September 1, 2020
When day seven came, my strength and hope began to fade. At about 4:00 p.m. something inside of me began to die: hope. I was tired! Even eating was exhausting. I'd take one or two bites then need to nap. Deep inside I knew that if I went to sleep one more time, that I wasn't going to wake up again. And at that moment I desperately needed to go to sleep.
For a couple of minutes, I was angry with God. I had believed he would bring me through. I even said, "God, I don't understand. I trusted you. I couldn't treat my own kid this way." But then I thought about eternity with Him and said, "I'm sorry I'm upset. It's your right to call me home. You created me. I love you regardless. If this is your will and my work on Earth is done, then so be it." I closed my eyes and started to drift off.

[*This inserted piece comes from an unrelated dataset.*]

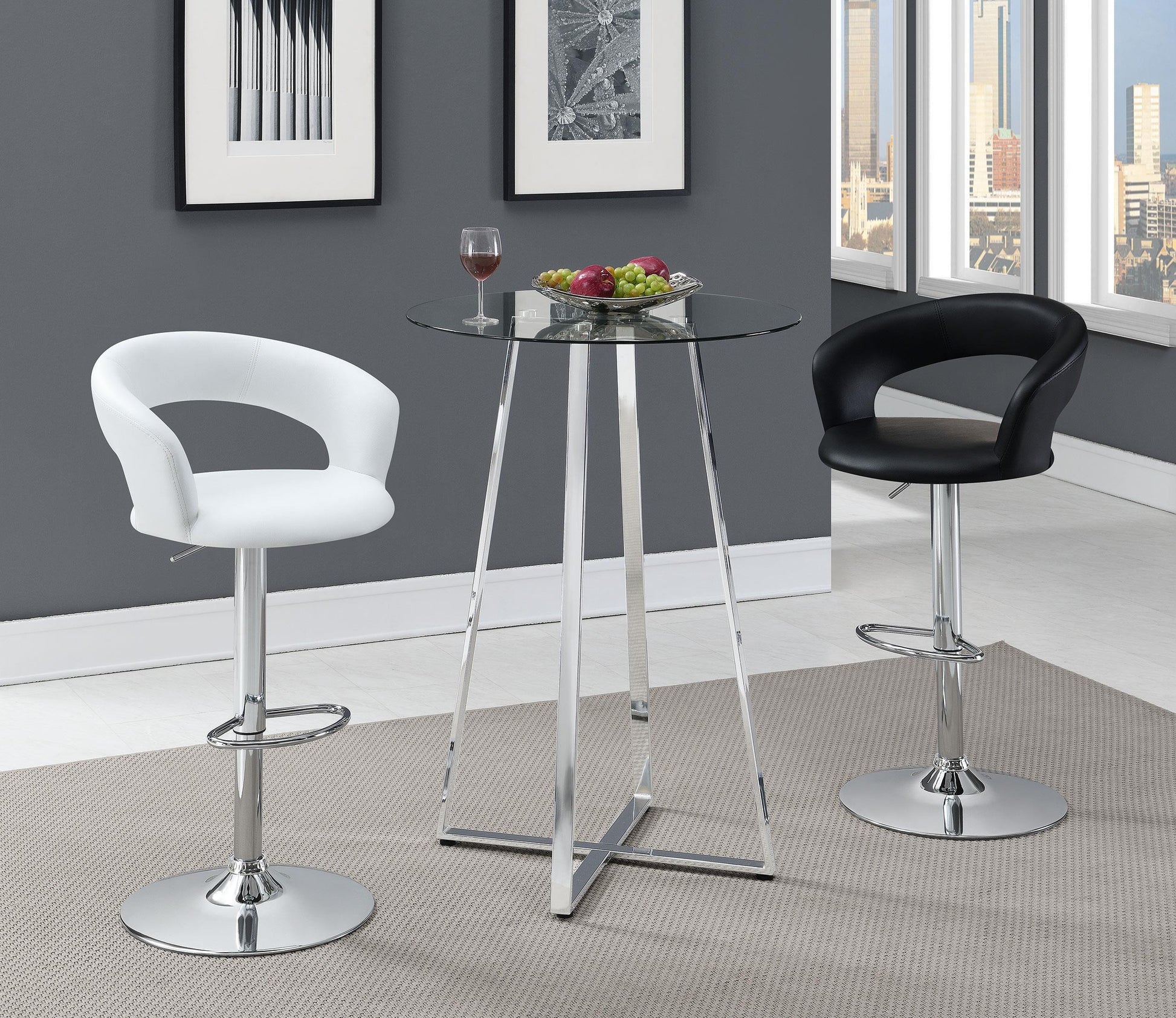 Meet the Zanella Round 30-inch Glass Top Bistro Bar Table in Chrome — a compact, stylish centerpiece designed for kitchens, dining nooks, and home bars. It blends a clear glass top with a gleaming chrome base to deliver a contemporary look that fits modern interiors. Ideal for apartment living and casual entertaining, it offers a versatile surface that balances functionality with chic style.

Just then, the phone rang! The words, "Angela, we have a liver for you," were like gasoline thrown on embers freshly snuffed out. My hope erupted into a bonfire.
I do want to say that there's something very sobering about coming face to face with your own limitations. I think all of our lives we wonder how we would perform in certain scenarios. We want to believe that our courage, faith and strength would be up to the task. The truth is that we have our limits. II Corinthians 2:9 says that God's strength is made perfect in our weakness. I believe that when I reached the end of my strength and faith God stepped in a carried me. There's no way I would have survived what came next on my own.